Они прошли под мостом Адольфа, и, обернувшись, Ростов остановился, любуясь видом, открывшимся сквозь проем арки. Он напомнил ему об Оксфорде, и внезапно Ростов понял, что делать с Хассаном.
– Дикштейн догадывается, что за ним кто-то следит, – сказал он, – и, скорее всего, связывает этот факт с вашей встречей.
– Вы так думаете?
– Ну, посмотри сам. Он отправляется на задание, внезапно сталкивается со знакомым арабом, и тут же за ним повисает хвост.
– Он может это предполагать, но знать он не знает.
– Ты прав. – Глянув на Хассана, Ростов понял, что арабу просто нравится слышать от него такие слова. Он меня терпеть не может, подумал Ростов, но ему нужно, чтобы я согласился с ним, просто жутко нужно. Он горд – и я могу это использовать.
– Дикштейн должен проверить, – продолжал Ростов. – Есть ли на тебя досье в Тель-Авиве?
Хассан пожал плечами со следами некогда свойственного ему аристократического высокомерия.
– Кто знает?
– Как часто вы встречались лицом к лицу с другими агентами – американцами, англичанами, израильтянами?
– Никогда. Я слишком осторожен.
Ростов чуть не расхохотался. Истина заключалась в том, что Хассан слишком незначительная сошка, чтобы представлять интерес для крупных разведывательных служб, и ему никогда не поручалось ничего достаточно важного, чтобы требовалась встреча с другими агентами.
– Если нет данных в досье, – сказал Ростов, – Дикштейну придется переговорить с вашими друзьями. Есть ли у вас какие-нибудь общие знакомые?
– Нет. После колледжа мы с ним не виделись. Да и в любом случае, он ничего не сможет узнать от моих знакомых. Они ничего не знают о моей тайной жизни. Я не выбалтывал налево и направо…
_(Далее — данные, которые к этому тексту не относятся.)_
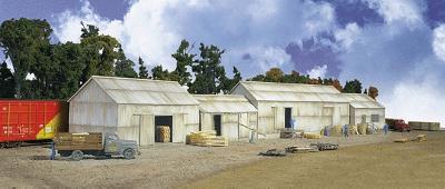 The Walthers Cornerstone Clayton County Lumber is a model of one of the most common trackside businesses. From tiny town to big city, small trackside warehouses are used by companies of every size and kind because they provide a handy place to store and protect merchandise shipped or delivered by rail. This versatile kit features four separate corrugated-metal buildings that are perfect for your steam or diesel-era railroad. Split them up and use them in several places along your railroad, or combine them into larger facilities. One building has an angled end wall to fit inside or outside a curved siding so it can be used in odd-shaped spaces. Signs for several businesses are also included in the Clayton County Lumber kit.
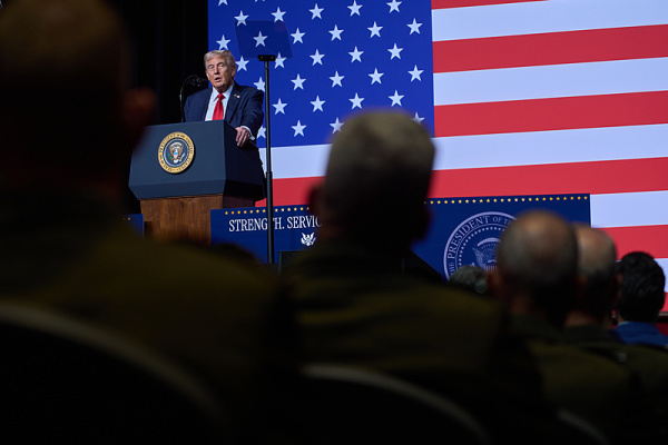 当地时间2025年9月30日,美国总统特朗普在弗吉尼亚州匡蒂科海军陆战队基地向高级军事指挥官发表讲话。 视觉中国

– Да, да, – подавляя нетерпение, прервал его Ростов. – Но в ходе беседы Дикштейн может задавать вроде бы незначащие вопросы касательно твоего поведения, как такового, дабы убедиться, соответствует ли твой образ жизни представлению о тайной деятельности – например, бывают ли таинственные телефонные звонки, внезапные отлучки, друзья, которых ты стараешься не знакомить с окружающими… Есть ли кто-нибудь в Оксфорде, с кем ты продолжаешь видеться?
– Из студентов никого, – у Хассана изменился тон, и Ростов понял, что близок к цели. – Я поддерживаю некоторые связи с преподавателями на факультете – здравствуйте, до свидания – в частности, с профессором Эшфордом – пару раз он свел меня с людьми, которые готовы субсидировать наше дело.
– Если я не ошибаюсь, Дикштейн тоже знаком с Эшфордом.
– Конечно. Эшфорд возглавлял кафедру семитских языков, на которой занимались мы с Дикштейном.
– Вот видите. Дикштейну остается только связаться с Эшфордом и в разговоре невзначай упомянуть твое имя. Эшфорд же расскажет ему, что ты делаешь и какой ведешь образ жизни. И затем Дикштейну станет ясно, что ты – тайный агент.
– Что-то сомнительно, – настороженно возразил Хассан.
– Отнюдь, – уверенно ответил Ростов, хотя Хассан был прав. – Это стандартная техника. Я и сам так не раз делал. И всегда срабатывало.
– Значит, если он свяжется с Эшфордом…
– У нас появится возможность снова сесть ему на хвост. Поэтому я бы хотел, чтобы ты отправился в Оксфорд.
– О! – Хассан не догадывался, к чему может привести разговор, и оказался в тупике. – Но Дикштейн мог просто позвонить по телефону…
– Мог, но такого рода разговоры предпочтительнее вести при личной встрече. Ты можешь сказать, что случайно оказался в городе и хочешь поболтать о добрых старых временах… а во время международного разговора трудно быть столь непринужденным. В силу этих же причин и следует прибыть на место, а не звонить по телефону.
– Может, вы и правы, – неохотно согласился Хассан. – Я планировал отправить сообщение в Каир, как только мы разберемся с распечаткой.
Вот именно этого Ростов и старался избежать.
– Хорошая мысль, – одобрил он. – Но сообщение будет выглядеть куда лучше, если вы сможете присовокупить к нему и известие, что удалось снова выйти на Дикштейна.
Хассан стоял, вглядываясь вдаль, словно надеялся увидеть отсюда Оксфорд.
– Давайте вернемся, – коротко сказал он. – Я уже нагулялся.
Настало время проявить общительность и дружелюбие. Ростов приобнял Хассана за плечи.
– Вы, европейцы, такие изнеженные.
– Только не пытайтесь меня убедить, что у КГБ в Москве трудная жизнь.